## Problem description
Reply with nothing but how many lines in the entries below include "morphing".

## Records from a collection
++++

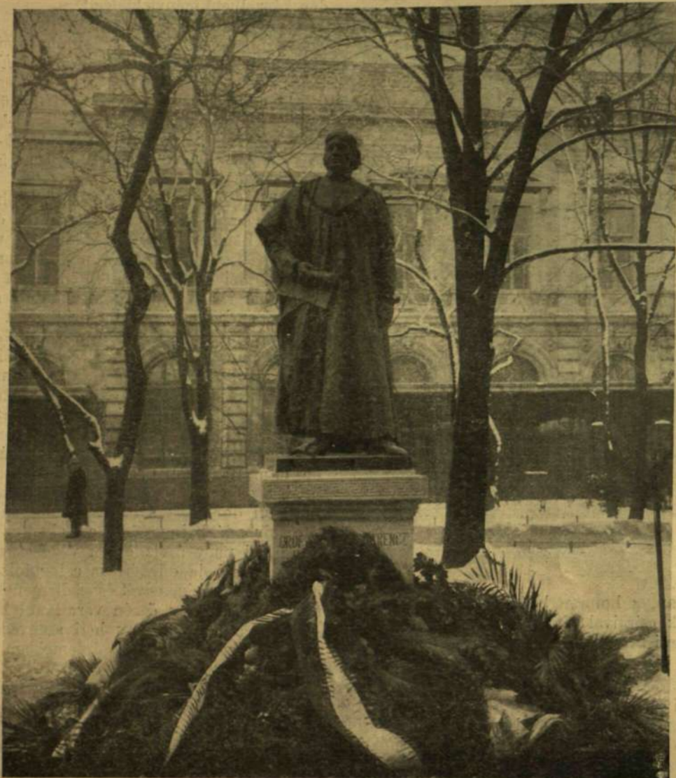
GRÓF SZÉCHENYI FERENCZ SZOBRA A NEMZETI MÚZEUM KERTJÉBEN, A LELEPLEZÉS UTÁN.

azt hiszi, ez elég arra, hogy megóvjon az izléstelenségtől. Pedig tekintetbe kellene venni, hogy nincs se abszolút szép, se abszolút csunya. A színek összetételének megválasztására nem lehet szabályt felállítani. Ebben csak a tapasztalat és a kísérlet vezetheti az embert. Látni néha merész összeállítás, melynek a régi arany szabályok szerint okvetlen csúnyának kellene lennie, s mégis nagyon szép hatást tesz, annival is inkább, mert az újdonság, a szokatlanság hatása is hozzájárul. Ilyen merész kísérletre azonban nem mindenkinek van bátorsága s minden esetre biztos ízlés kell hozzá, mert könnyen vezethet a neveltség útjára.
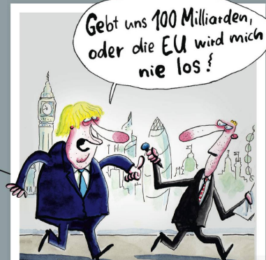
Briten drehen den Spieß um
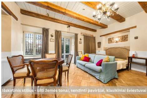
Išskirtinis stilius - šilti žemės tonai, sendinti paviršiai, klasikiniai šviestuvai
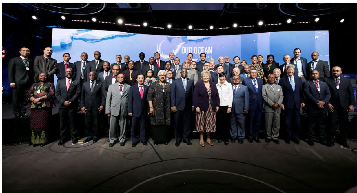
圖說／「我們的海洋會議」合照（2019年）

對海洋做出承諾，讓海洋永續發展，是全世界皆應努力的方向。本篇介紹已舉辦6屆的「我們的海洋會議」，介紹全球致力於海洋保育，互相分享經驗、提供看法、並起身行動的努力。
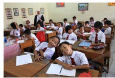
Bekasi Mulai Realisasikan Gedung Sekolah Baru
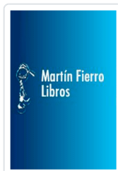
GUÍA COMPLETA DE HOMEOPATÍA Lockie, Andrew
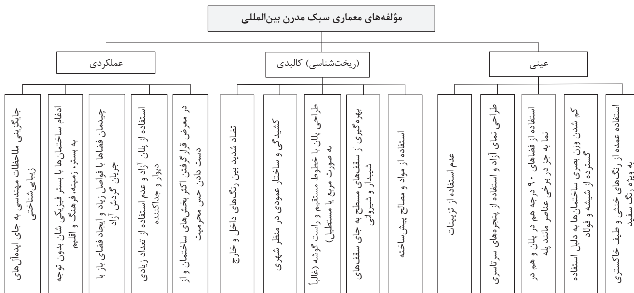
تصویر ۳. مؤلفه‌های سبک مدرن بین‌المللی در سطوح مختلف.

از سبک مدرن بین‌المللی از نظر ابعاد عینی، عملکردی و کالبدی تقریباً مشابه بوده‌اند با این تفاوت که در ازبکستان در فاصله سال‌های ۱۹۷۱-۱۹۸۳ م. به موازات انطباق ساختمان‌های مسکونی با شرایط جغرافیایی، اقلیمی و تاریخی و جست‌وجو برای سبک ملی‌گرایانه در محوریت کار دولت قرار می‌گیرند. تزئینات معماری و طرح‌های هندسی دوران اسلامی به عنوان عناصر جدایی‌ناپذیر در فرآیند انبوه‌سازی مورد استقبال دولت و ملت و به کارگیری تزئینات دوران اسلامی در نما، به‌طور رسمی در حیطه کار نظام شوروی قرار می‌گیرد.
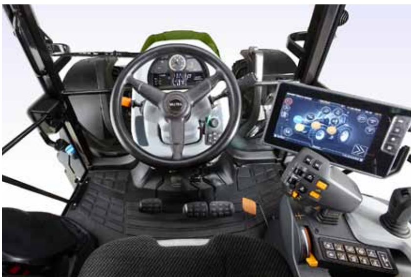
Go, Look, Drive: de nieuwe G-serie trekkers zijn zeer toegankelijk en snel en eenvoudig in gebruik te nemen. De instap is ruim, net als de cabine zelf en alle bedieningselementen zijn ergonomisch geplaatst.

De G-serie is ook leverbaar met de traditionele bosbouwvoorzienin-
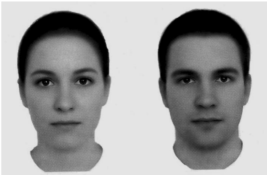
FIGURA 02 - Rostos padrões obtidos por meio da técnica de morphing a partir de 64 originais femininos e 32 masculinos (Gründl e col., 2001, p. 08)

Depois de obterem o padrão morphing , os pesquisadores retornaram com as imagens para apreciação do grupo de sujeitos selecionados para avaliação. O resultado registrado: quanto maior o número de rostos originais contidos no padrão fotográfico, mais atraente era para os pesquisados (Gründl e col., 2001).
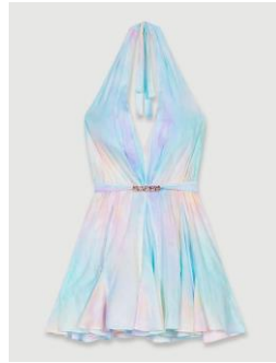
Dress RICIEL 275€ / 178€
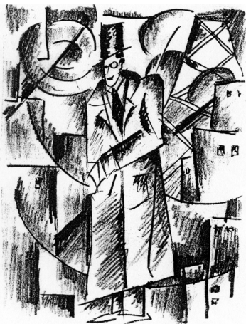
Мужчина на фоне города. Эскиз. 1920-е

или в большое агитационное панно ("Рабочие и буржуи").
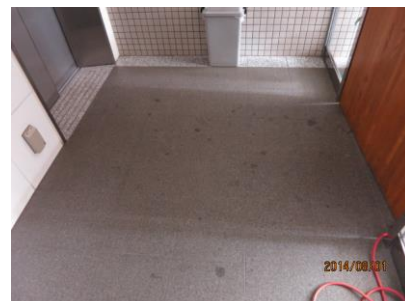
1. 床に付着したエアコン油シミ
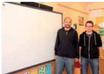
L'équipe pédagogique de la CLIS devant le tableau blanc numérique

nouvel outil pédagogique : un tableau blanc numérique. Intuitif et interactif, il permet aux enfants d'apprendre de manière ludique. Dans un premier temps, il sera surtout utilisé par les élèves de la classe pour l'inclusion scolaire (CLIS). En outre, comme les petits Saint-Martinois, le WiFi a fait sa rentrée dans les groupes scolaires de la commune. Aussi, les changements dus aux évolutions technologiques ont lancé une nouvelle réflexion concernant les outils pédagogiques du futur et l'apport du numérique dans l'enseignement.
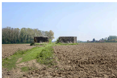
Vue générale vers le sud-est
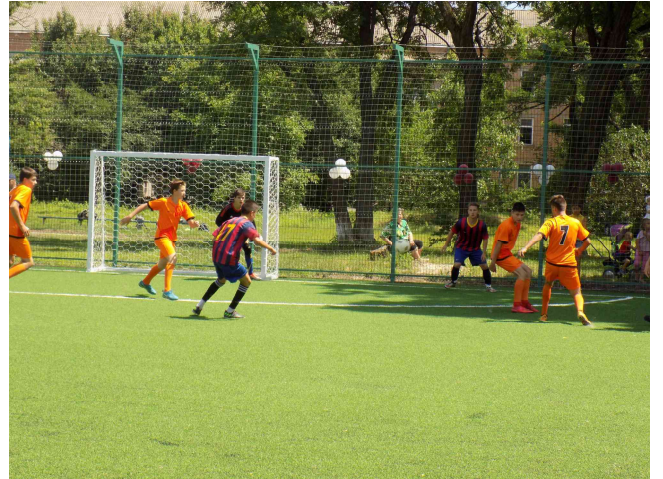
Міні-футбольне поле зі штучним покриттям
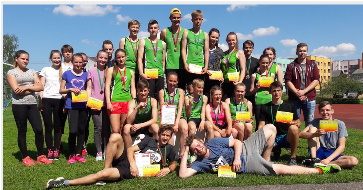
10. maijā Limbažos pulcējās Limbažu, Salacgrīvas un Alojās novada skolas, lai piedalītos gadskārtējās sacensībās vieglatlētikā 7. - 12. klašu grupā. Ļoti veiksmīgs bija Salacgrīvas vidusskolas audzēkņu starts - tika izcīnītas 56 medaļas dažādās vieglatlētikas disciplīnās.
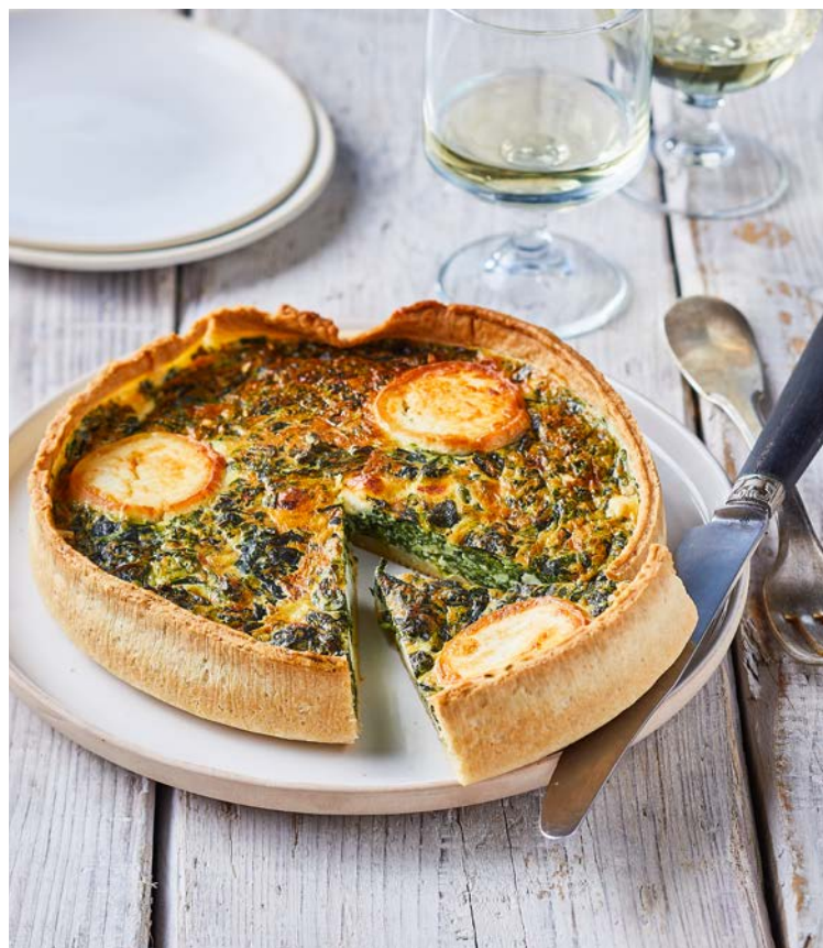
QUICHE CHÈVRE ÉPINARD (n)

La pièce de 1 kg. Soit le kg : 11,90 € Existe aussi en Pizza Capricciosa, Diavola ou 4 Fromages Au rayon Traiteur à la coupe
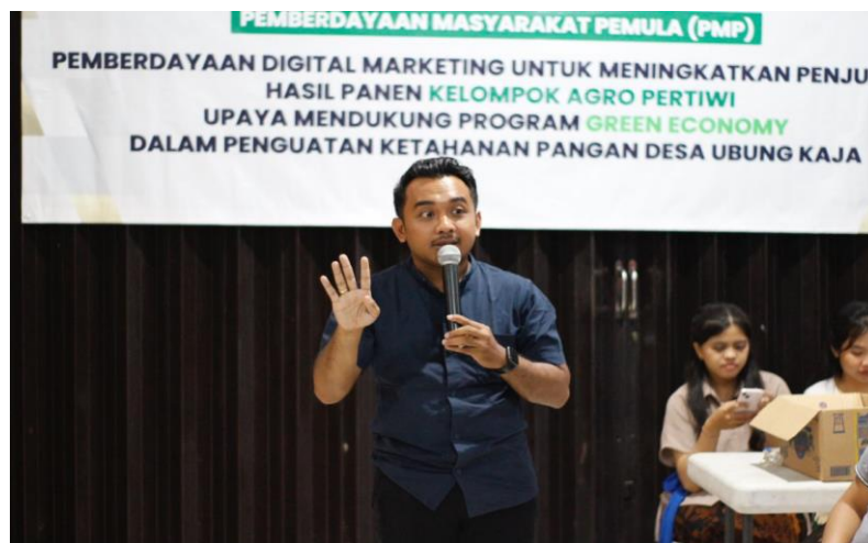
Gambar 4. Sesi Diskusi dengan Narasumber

++++

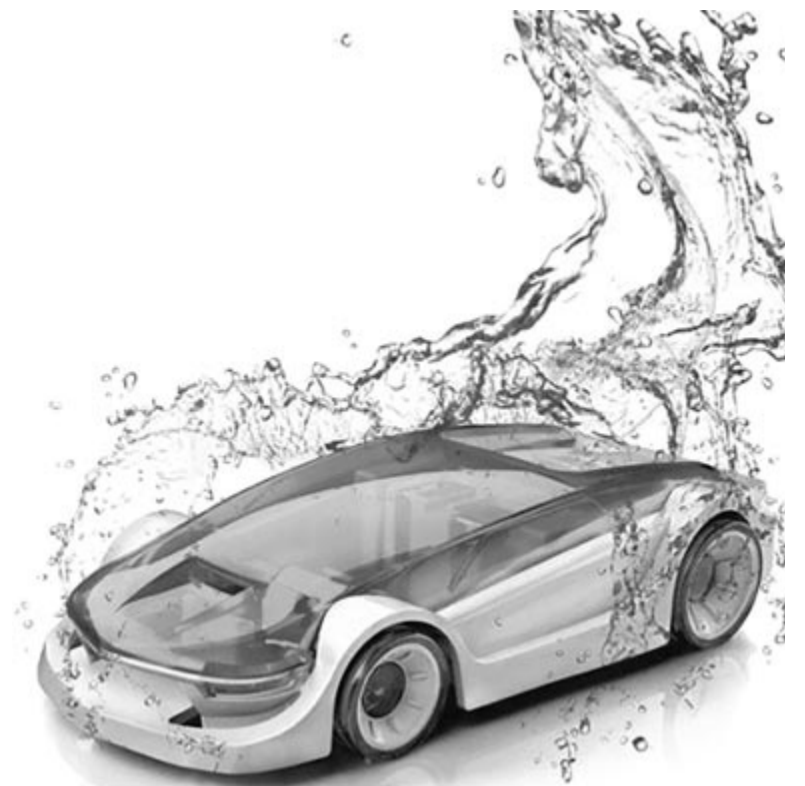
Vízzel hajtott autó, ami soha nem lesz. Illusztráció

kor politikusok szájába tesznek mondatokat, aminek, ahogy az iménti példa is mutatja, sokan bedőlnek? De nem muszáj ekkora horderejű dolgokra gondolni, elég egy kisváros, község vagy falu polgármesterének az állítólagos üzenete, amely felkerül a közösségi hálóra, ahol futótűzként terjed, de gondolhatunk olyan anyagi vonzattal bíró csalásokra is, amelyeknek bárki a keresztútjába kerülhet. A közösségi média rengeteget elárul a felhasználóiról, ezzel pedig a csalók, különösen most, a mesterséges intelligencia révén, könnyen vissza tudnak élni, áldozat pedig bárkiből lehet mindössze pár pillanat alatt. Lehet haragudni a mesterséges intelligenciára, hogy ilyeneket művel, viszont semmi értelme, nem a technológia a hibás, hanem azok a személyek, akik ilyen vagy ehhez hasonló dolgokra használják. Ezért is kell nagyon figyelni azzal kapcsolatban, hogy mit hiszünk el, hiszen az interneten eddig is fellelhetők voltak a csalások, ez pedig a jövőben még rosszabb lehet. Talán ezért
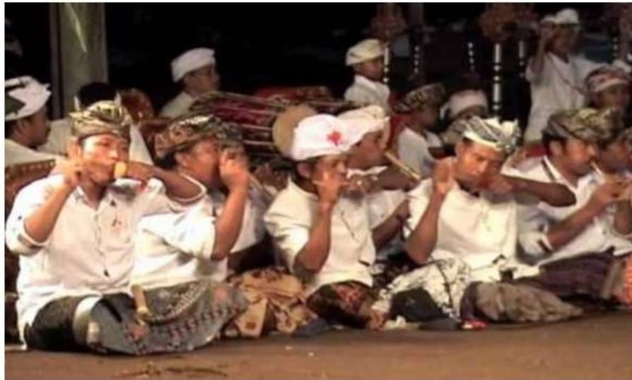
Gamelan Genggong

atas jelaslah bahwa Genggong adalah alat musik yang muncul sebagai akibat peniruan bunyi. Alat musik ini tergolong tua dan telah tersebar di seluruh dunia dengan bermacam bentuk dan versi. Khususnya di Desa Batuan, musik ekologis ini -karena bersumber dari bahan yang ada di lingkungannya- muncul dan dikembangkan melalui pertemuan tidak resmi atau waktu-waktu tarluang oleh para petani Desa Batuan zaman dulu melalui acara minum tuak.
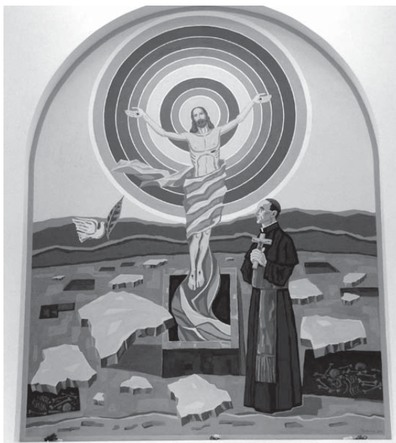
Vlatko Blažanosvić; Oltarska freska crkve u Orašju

++++

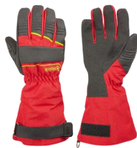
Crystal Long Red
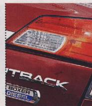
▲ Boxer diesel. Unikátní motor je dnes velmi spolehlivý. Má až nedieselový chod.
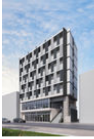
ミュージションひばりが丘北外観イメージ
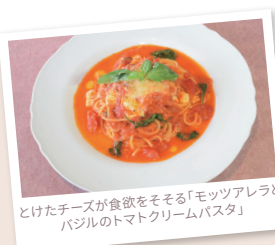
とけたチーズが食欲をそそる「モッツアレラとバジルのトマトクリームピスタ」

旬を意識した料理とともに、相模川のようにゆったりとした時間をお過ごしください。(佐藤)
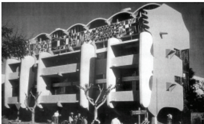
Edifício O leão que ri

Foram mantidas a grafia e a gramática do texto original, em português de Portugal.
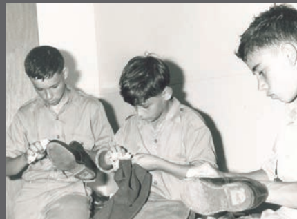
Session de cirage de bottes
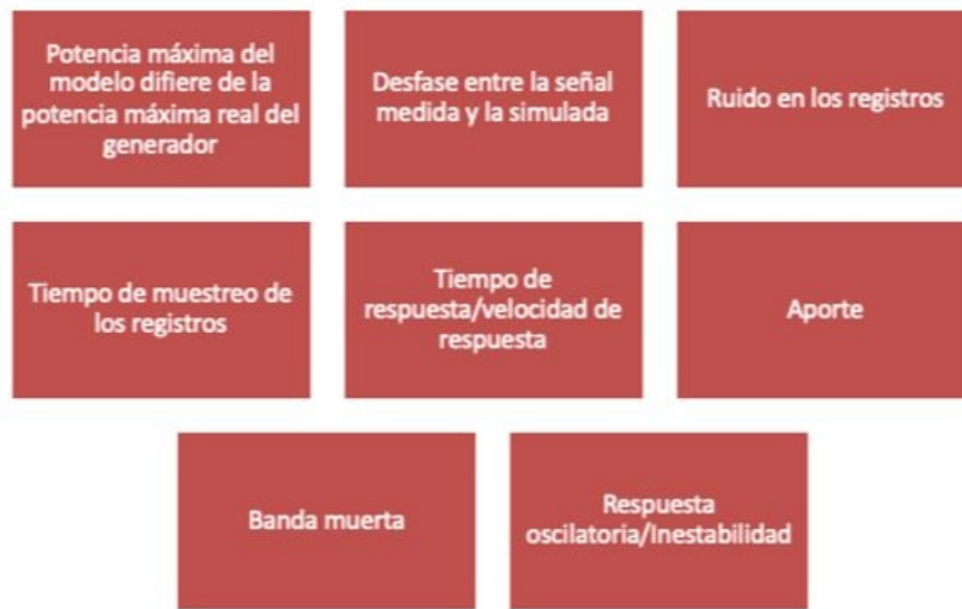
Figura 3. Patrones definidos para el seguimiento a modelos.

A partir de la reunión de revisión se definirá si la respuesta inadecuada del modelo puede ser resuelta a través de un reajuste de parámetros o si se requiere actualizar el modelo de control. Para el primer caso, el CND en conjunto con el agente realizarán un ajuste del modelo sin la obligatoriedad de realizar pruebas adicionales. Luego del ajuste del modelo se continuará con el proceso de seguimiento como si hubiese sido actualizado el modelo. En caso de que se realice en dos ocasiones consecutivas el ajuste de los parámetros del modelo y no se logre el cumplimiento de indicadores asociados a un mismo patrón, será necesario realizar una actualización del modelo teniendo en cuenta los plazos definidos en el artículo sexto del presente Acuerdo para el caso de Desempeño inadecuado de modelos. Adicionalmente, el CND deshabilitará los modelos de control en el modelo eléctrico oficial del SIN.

++++

## Response for this exercise
2